[Instructions for the task] Copy out precisely the lines from the start of the data through the line with "Petra mint; struck", and keep pictures out of it.

[Data for this exercise]
= = = = =
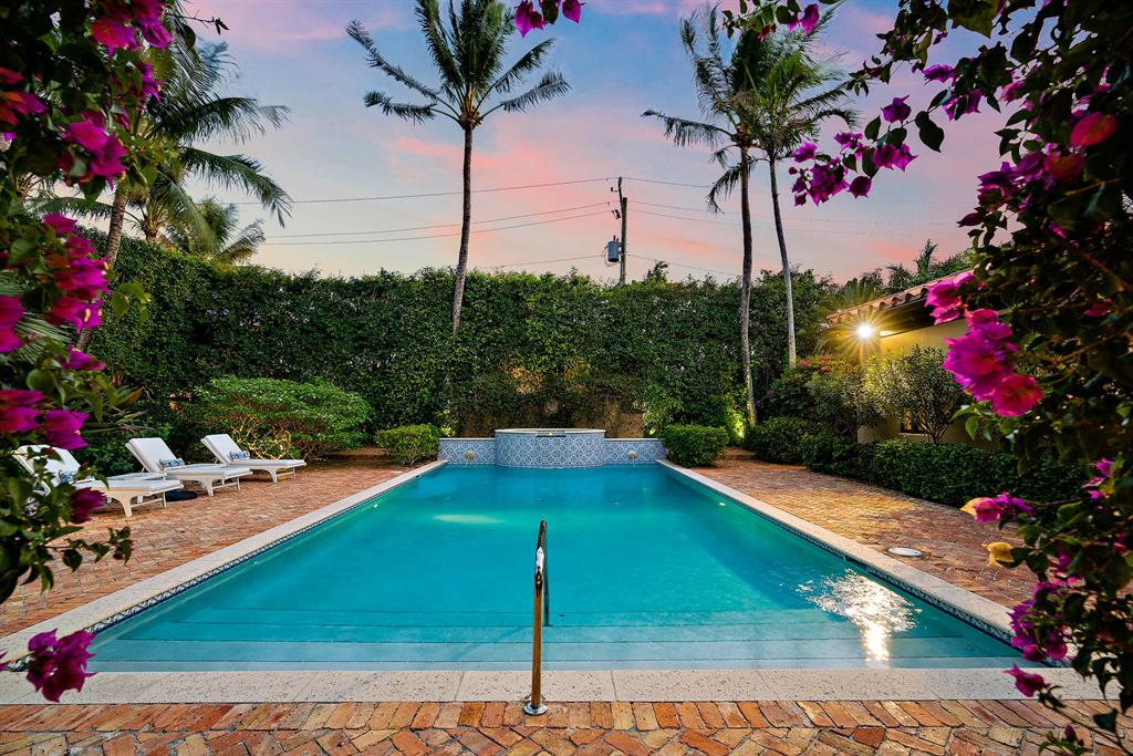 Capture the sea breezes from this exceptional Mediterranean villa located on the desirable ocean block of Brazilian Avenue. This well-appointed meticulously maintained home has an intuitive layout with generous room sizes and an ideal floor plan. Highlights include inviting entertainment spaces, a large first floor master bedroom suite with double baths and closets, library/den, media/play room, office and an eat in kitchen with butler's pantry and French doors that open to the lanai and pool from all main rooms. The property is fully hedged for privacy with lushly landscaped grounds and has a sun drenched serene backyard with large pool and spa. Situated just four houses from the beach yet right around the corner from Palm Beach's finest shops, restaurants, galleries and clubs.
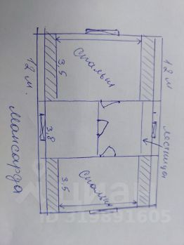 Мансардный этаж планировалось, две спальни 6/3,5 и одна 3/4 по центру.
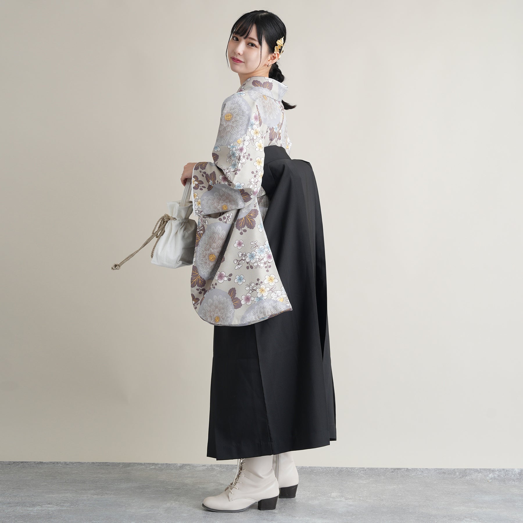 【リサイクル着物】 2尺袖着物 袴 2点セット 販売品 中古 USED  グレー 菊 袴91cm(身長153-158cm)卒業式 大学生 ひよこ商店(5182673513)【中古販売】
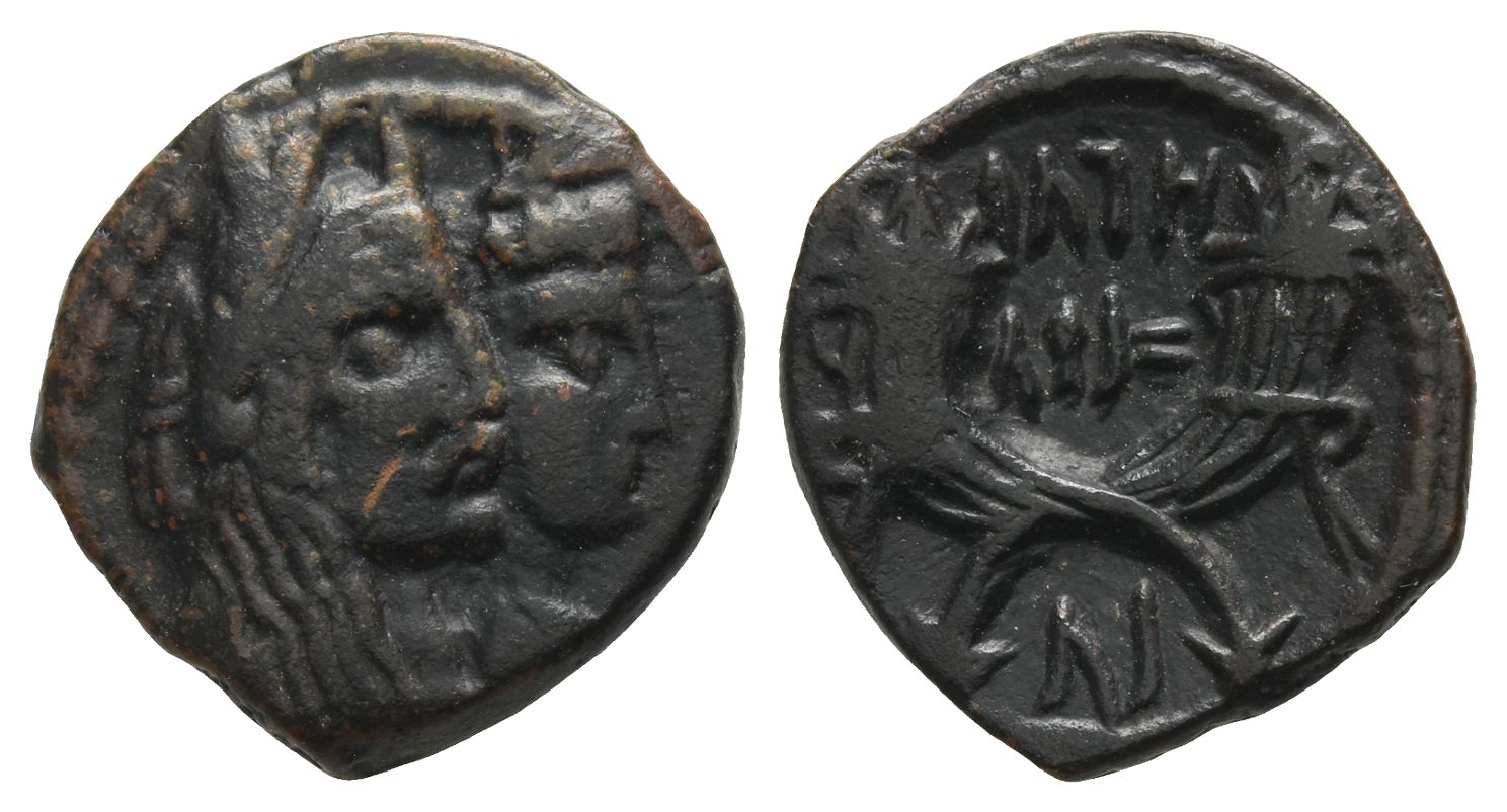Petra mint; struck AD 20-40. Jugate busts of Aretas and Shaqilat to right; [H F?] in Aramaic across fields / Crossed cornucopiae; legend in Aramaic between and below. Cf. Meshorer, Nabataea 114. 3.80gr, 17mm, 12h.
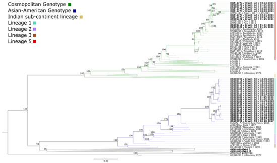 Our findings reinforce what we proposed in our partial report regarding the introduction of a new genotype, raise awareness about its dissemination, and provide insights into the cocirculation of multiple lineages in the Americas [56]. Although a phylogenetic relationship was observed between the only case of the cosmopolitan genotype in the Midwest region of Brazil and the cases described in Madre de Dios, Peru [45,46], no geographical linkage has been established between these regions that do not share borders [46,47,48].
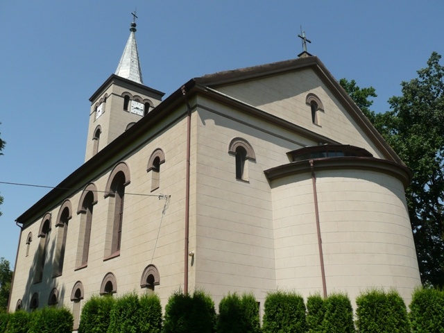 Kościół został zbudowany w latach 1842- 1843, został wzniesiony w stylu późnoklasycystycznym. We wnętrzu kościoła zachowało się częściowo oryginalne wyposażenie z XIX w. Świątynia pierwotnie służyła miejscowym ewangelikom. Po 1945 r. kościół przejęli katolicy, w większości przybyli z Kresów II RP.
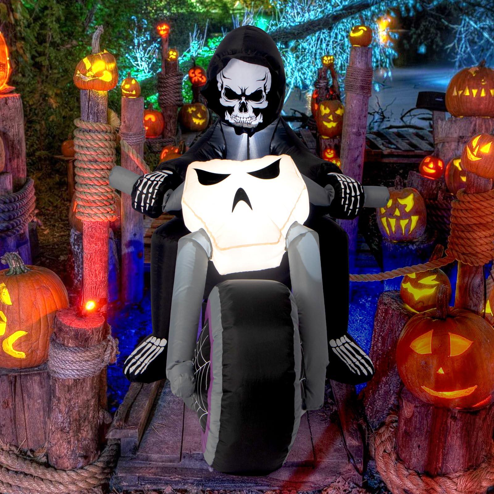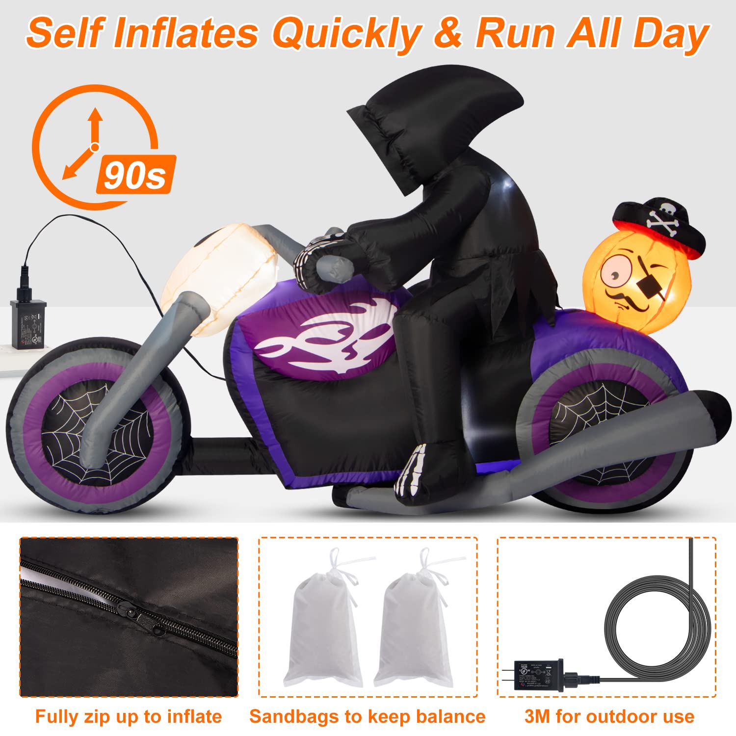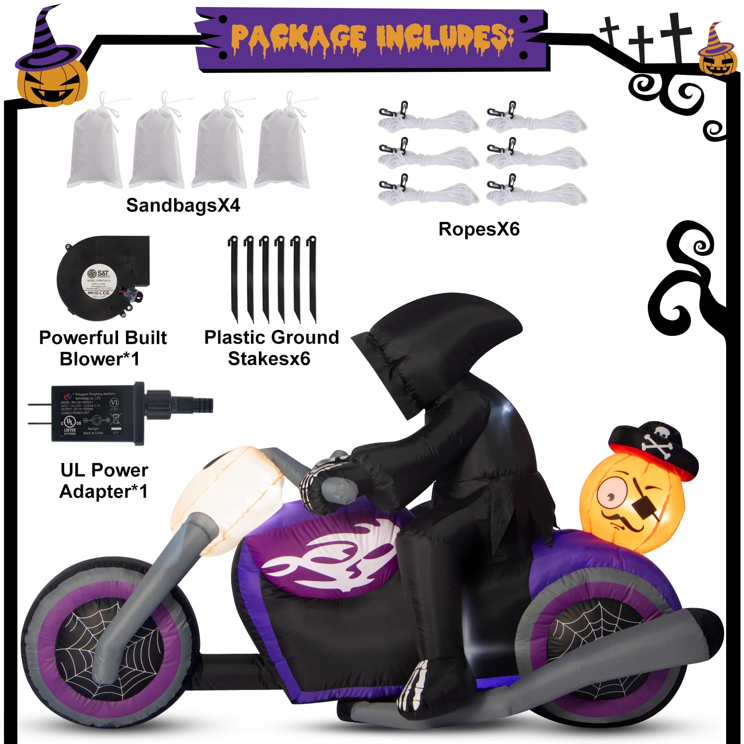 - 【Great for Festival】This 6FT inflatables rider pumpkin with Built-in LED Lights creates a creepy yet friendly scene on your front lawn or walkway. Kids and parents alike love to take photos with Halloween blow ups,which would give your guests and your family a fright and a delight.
= = = = =
[Solution for this problem]
 Capture the sea breezes from this exceptional Mediterranean villa located on the desirable ocean block of Brazilian Avenue. This well-appointed meticulously maintained home has an intuitive layout with generous room sizes and an ideal floor plan. Highlights include inviting entertainment spaces, a large first floor master bedroom suite with double baths and closets, library/den, media/play room, office and an eat in kitchen with butler's pantry and French doors that open to the lanai and pool from all main rooms. The property is fully hedged for privacy with lushly landscaped grounds and has a sun drenched serene backyard with large pool and spa. Situated just four houses from the beach yet right around the corner from Palm Beach's finest shops, restaurants, galleries and clubs.
 Мансардный этаж планировалось, две спальни 6/3,5 и одна 3/4 по центру.
 【リサイクル着物】 2尺袖着物 袴 2点セット 販売品 中古 USED  グレー 菊 袴91cm(身長153-158cm)卒業式 大学生 ひよこ商店(5182673513)【中古販売】
Petra mint; struck AD 20-40. Jugate busts of Aretas and Shaqilat to right; [H F?] in Aramaic across fields / Crossed cornucopiae; legend in Aramaic between and below. Cf. Meshorer, Nabataea 114. 3.80gr, 17mm, 12h.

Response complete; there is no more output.